What is needed
Identify each line below containing the string "ground" and copy it.

*** Opening of Source information ***

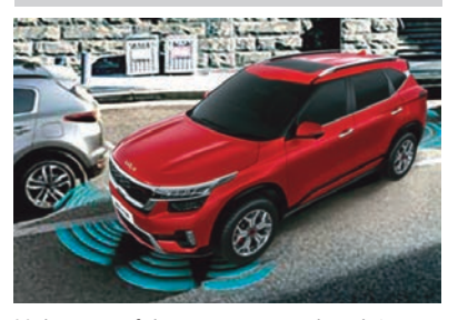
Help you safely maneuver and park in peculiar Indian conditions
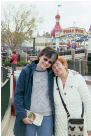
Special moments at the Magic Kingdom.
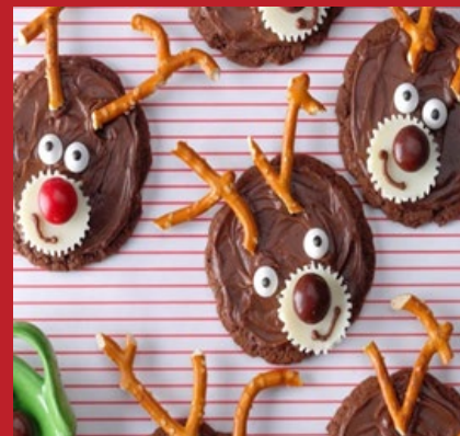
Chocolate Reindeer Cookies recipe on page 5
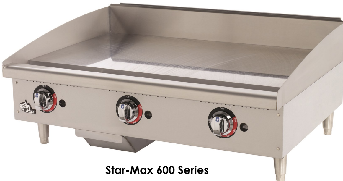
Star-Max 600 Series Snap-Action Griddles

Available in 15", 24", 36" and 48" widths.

*** Close of Source information ***
*** Opening of Source information ***

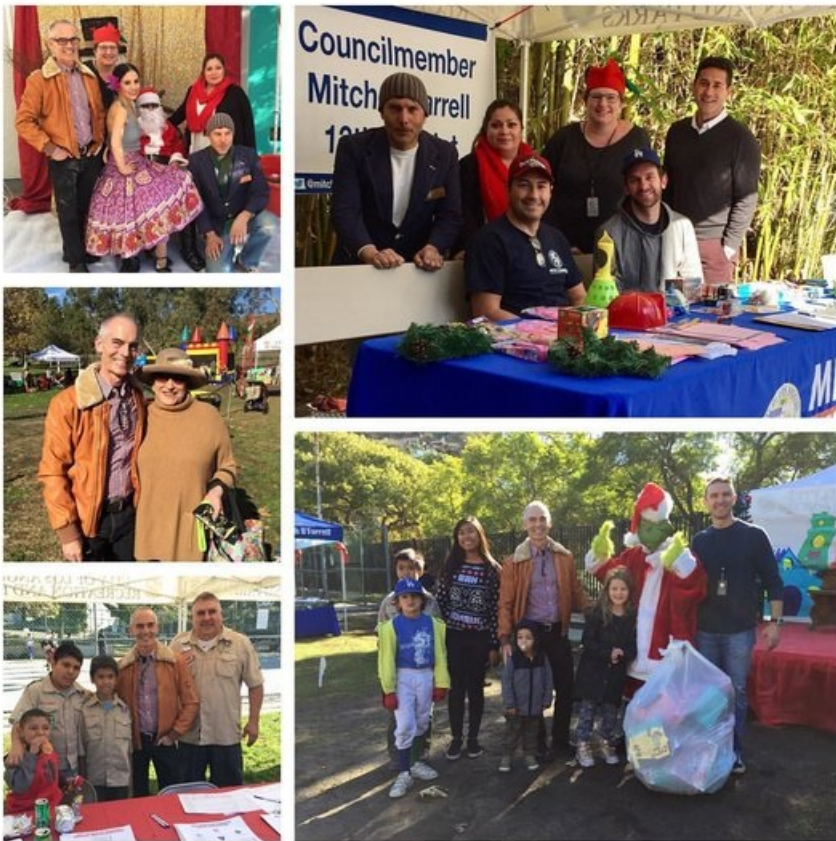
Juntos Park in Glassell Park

*** Close of Source information ***
*** Opening of Source information ***

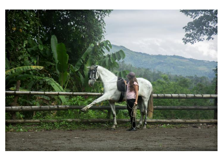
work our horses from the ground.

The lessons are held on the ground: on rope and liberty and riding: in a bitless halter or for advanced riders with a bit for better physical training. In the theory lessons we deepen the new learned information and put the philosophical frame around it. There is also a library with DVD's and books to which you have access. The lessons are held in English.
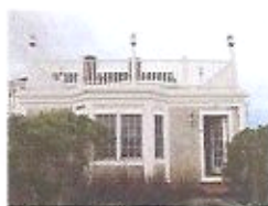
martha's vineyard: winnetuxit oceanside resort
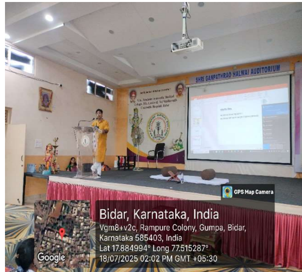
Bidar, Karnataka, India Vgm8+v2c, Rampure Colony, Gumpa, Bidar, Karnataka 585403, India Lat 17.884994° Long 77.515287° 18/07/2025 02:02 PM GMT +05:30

*** Close of Source information ***

Result below
work our horses from the ground.
The lessons are held on the ground: on rope and liberty and riding: in a bitless halter or for advanced riders with a bit for better physical training. In the theory lessons we deepen the new learned information and put the philosophical frame around it. There is also a library with DVD's and books to which you have access. The lessons are held in English.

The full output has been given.